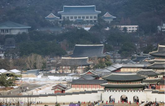 용산 대통령 집무실을 청와대로 이전하는 작업이 성탄절 이전에 마무리 될 것으로 알려진 가운데 14일 서울 종로구 청와대 본관에 흰 눈이 덮여 있다. 2025.12.14/뉴스1 ⓒ News1 |
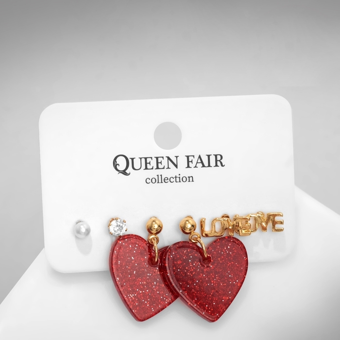 Серьги набор 3 пары LOVE сердечки, цвет бело-красный в золоте
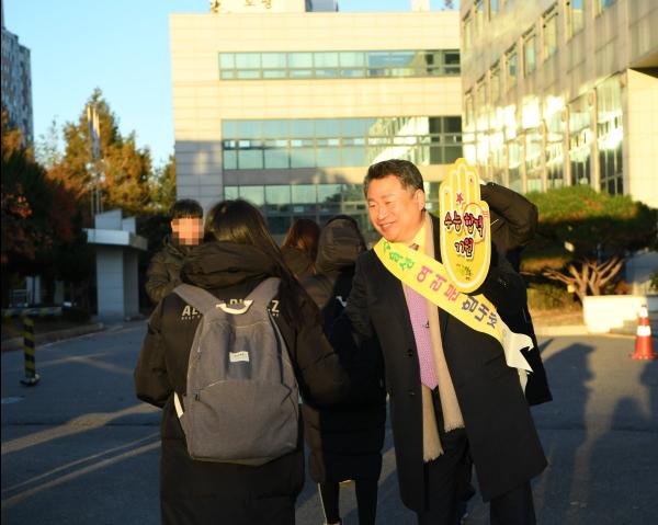안승남 구리시장은 2020학년도 대학수학능력시험이 치러진 14일 오전 7시부터 시험장인 수택고등학교를 찾아 수험생들을 응원하고 학부모들을 격려했다.
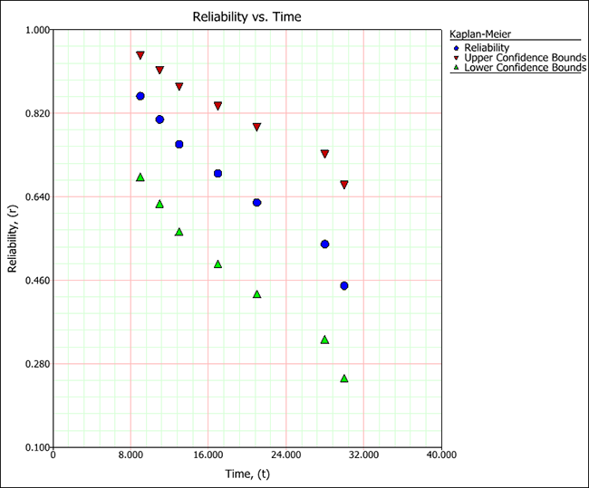 In the following example, the dots on the plot show the reliability estimates at each point of failure, the triangles show the lower 1-sided confidence bounds of the estimates, and the inverted triangles show the upper 1-sided confidence bounds. The pattern of the data points shows that the product exhibits a sharp decline in reliability over the course of a few weeks.
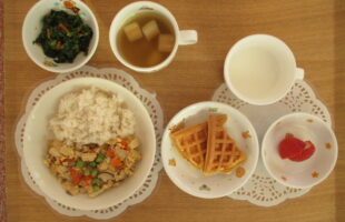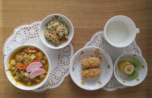 行事食や誕生会ランチは、子どもたちが喜んでくれるようなメニューを取り入れ、盛り付けを工夫しています。
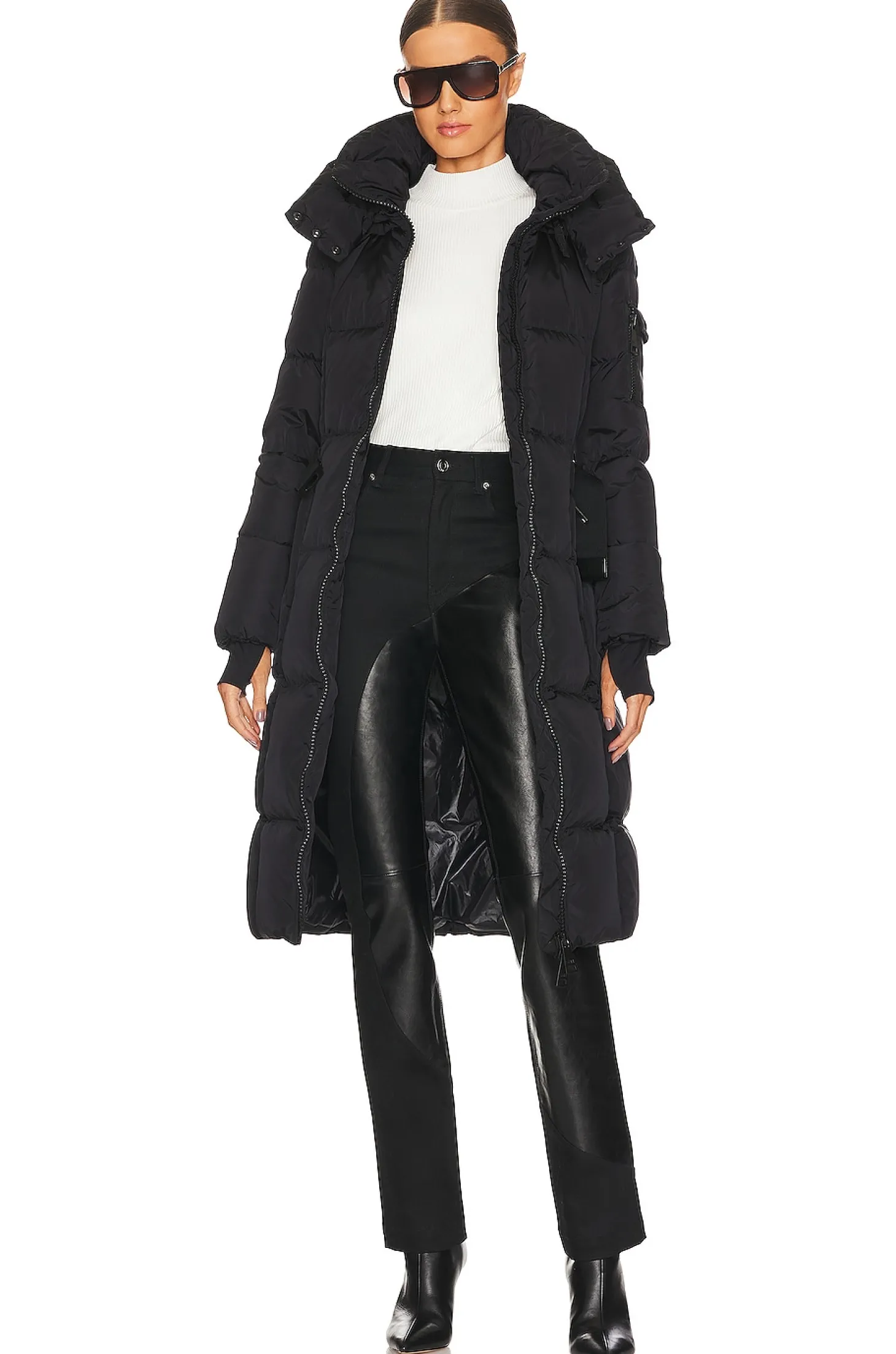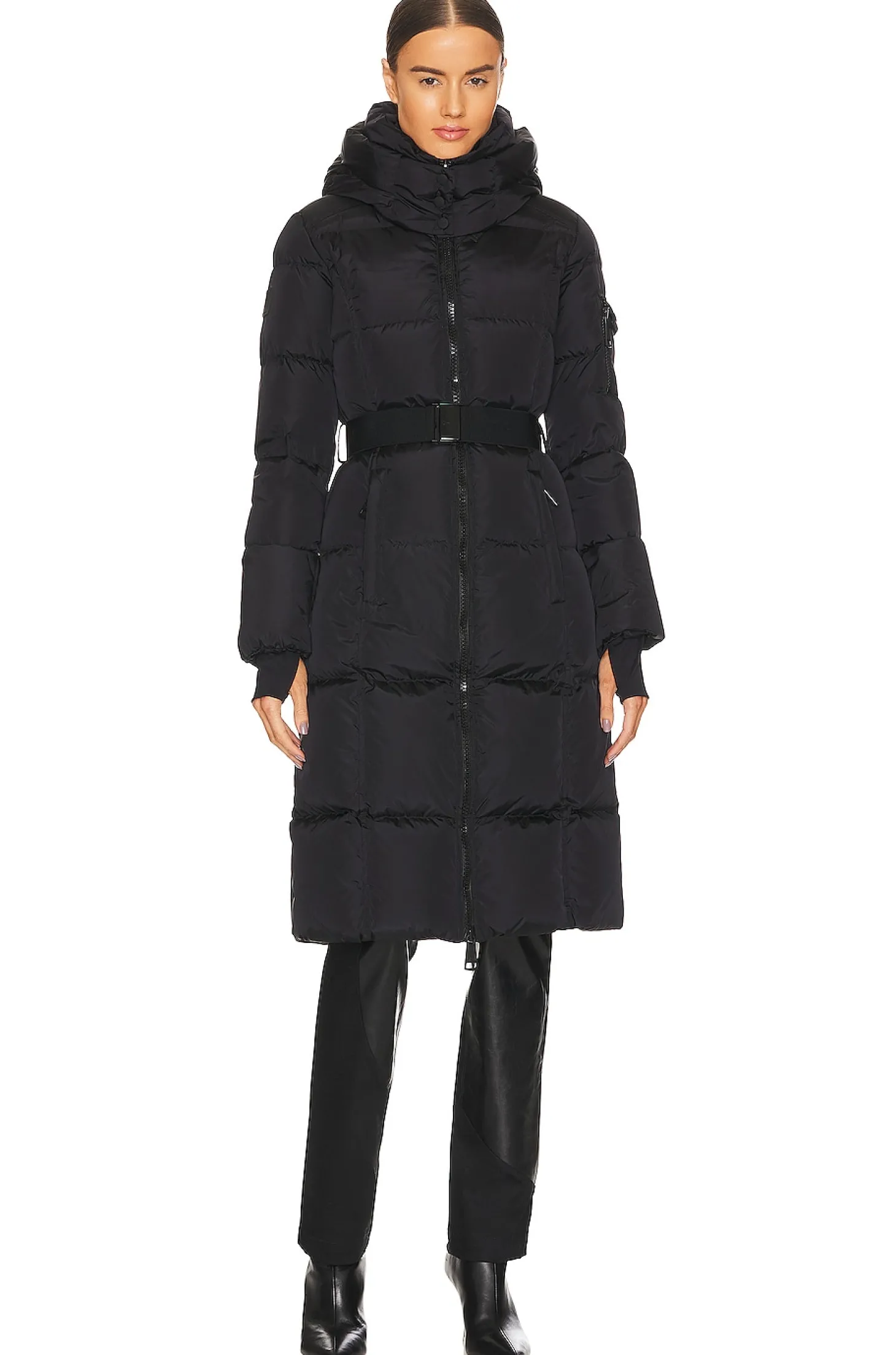 Self: 100% nylon Filling: 90% duck down 10% feathers.Made in China.Dry clean only.Front zipper closure.3-pocket design.Detachable waist belt.Attached hoodie.Heavyweight padded ripstop fabric

■ Task to complete
The answer should contain only the lines from the start of the records above through the line with "안승남 구리시장은 2020학년도", copied exactly, and no pictures.

■ Answer to this problem
 용산 대통령 집무실을 청와대로 이전하는 작업이 성탄절 이전에 마무리 될 것으로 알려진 가운데 14일 서울 종로구 청와대 본관에 흰 눈이 덮여 있다. 2025.12.14/뉴스1 ⓒ News1 |
 Серьги набор 3 пары LOVE сердечки, цвет бело-красный в золоте
안승남 구리시장은 2020학년도 대학수학능력시험이 치러진 14일 오전 7시부터 시험장인 수택고등학교를 찾아 수험생들을 응원하고 학부모들을 격려했다.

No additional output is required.